EXERCISE PROMPT: Copy the records below word for word, from the first line through the line that contains "A certificate of", and leave out any pictures.

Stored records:
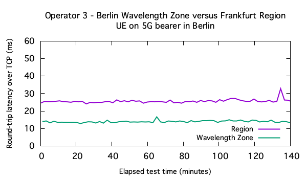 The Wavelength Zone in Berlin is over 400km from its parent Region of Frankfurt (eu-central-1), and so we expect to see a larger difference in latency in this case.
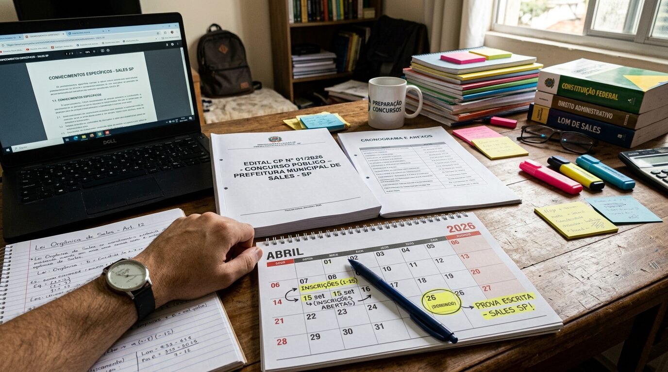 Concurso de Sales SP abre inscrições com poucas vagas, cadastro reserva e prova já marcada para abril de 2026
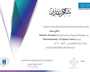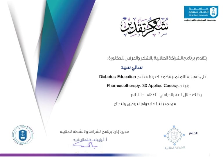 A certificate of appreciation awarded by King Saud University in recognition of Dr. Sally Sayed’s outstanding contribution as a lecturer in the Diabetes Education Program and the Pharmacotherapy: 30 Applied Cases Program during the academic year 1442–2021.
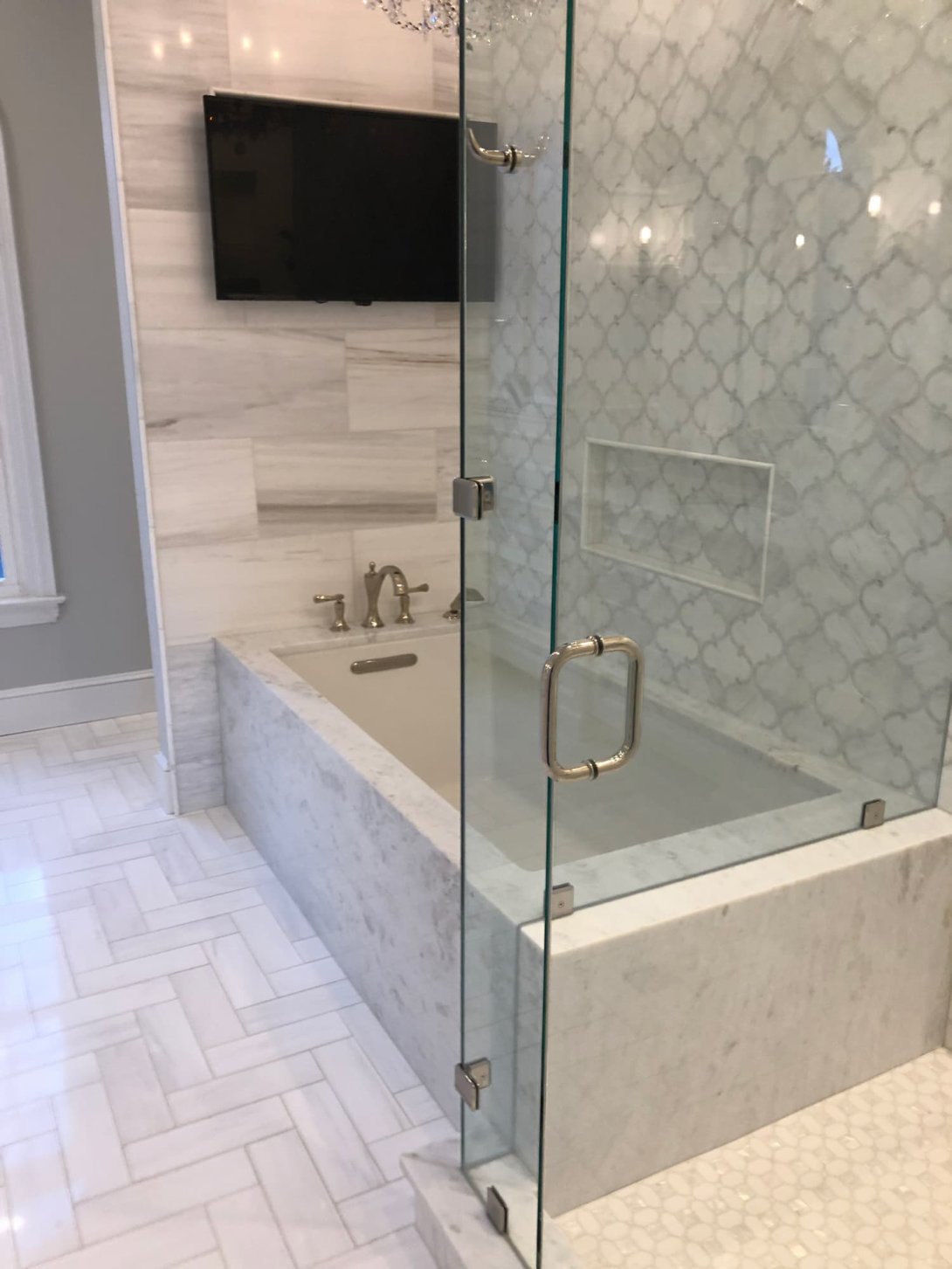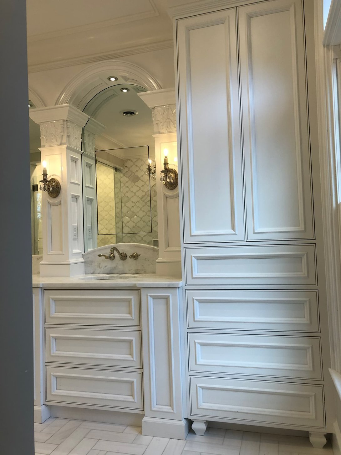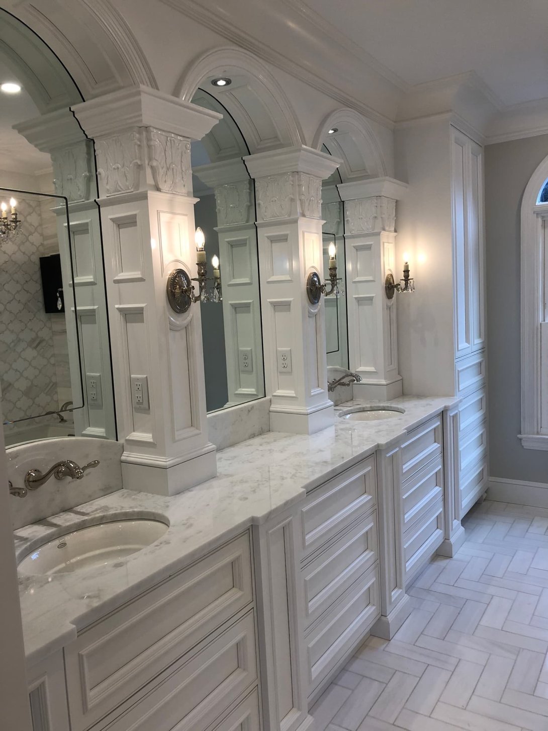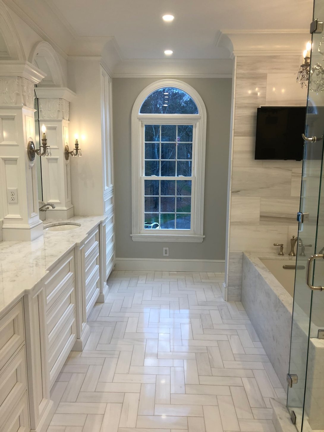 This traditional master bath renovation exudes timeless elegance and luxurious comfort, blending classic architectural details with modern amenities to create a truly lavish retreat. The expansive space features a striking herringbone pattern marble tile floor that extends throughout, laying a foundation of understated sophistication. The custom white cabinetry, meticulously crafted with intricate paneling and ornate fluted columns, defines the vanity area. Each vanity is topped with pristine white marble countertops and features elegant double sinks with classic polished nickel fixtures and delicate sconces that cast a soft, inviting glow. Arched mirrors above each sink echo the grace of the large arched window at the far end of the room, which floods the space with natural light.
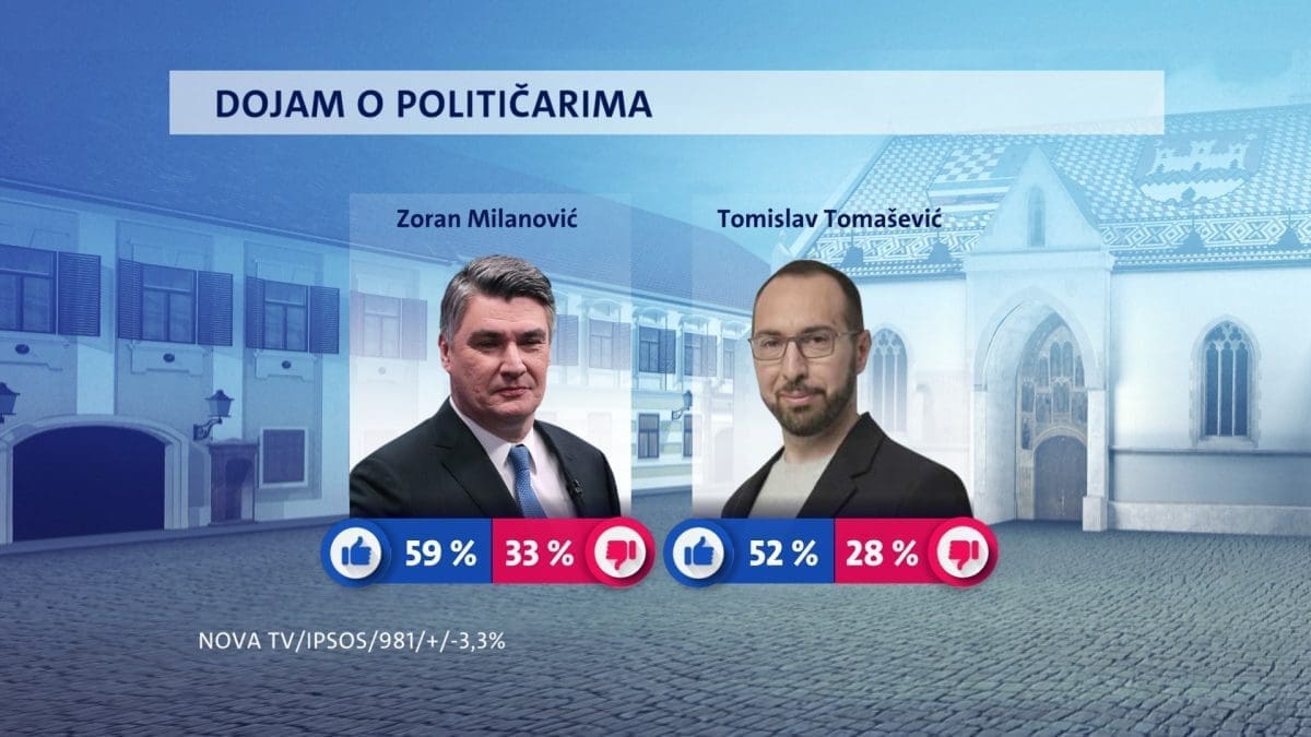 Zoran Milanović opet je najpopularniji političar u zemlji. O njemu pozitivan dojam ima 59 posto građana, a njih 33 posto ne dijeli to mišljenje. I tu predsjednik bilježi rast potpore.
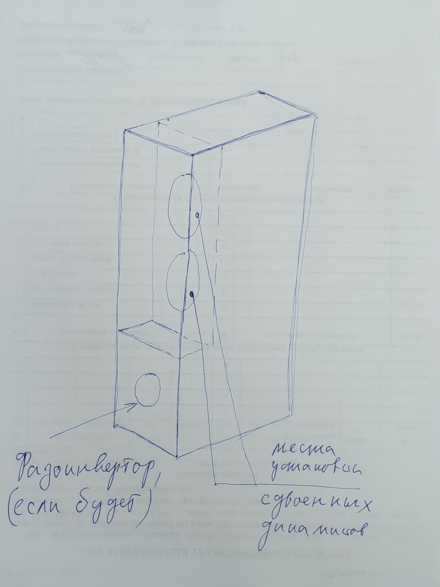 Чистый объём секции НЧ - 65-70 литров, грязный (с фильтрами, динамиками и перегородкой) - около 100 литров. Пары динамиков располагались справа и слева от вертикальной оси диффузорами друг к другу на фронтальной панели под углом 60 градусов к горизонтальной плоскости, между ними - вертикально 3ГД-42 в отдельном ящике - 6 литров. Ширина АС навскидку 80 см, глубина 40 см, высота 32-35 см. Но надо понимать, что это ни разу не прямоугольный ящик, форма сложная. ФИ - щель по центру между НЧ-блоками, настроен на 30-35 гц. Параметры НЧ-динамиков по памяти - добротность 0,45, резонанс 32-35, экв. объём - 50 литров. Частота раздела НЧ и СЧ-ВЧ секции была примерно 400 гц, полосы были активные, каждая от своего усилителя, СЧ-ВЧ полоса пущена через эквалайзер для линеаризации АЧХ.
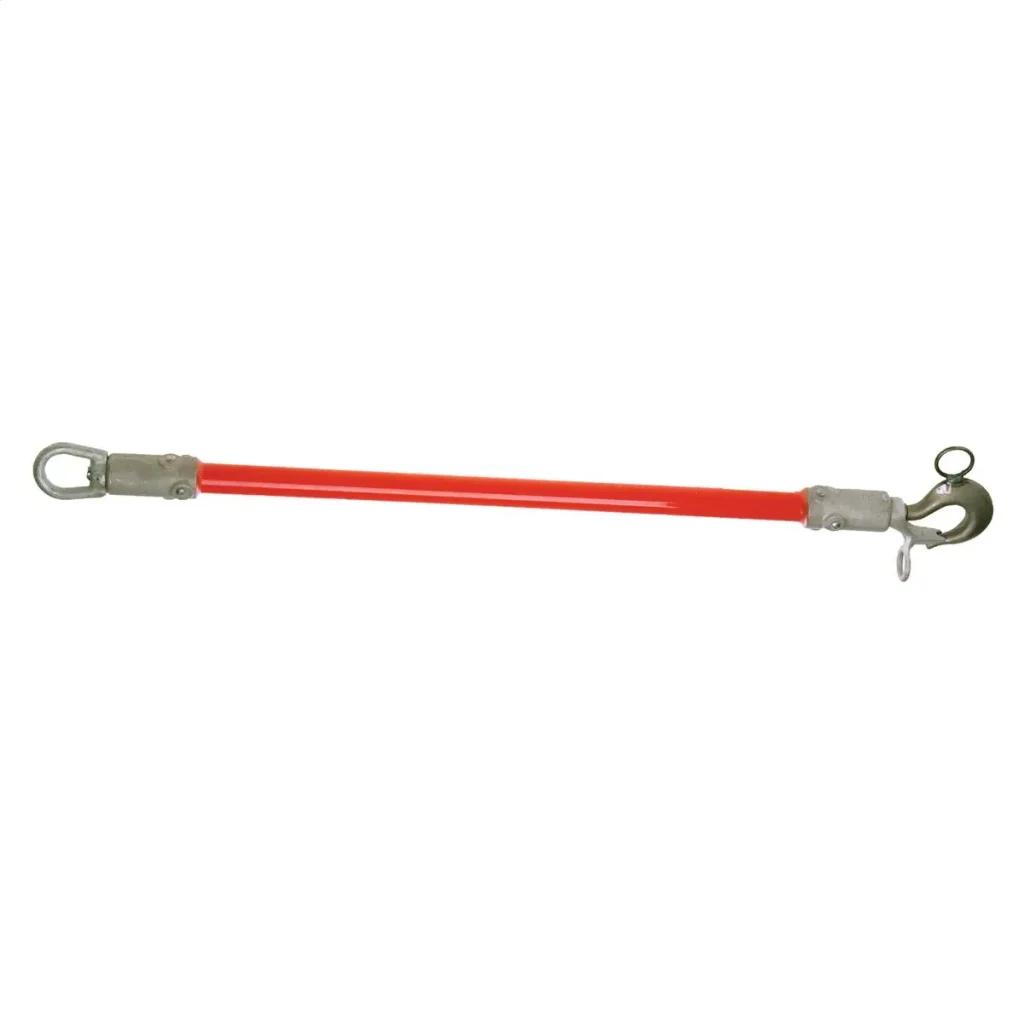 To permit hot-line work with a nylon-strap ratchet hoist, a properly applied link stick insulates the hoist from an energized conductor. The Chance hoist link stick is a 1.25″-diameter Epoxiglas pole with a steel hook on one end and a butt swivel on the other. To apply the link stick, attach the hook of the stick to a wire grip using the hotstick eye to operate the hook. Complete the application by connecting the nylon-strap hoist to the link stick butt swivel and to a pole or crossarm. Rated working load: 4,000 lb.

SOLUTION TO THE PROBLEM:
 The Wavelength Zone in Berlin is over 400km from its parent Region of Frankfurt (eu-central-1), and so we expect to see a larger difference in latency in this case.
 Concurso de Sales SP abre inscrições com poucas vagas, cadastro reserva e prova já marcada para abril de 2026
 A certificate of appreciation awarded by King Saud University in recognition of Dr. Sally Sayed’s outstanding contribution as a lecturer in the Diabetes Education Program and the Pharmacotherapy: 30 Applied Cases Program during the academic year 1442–2021.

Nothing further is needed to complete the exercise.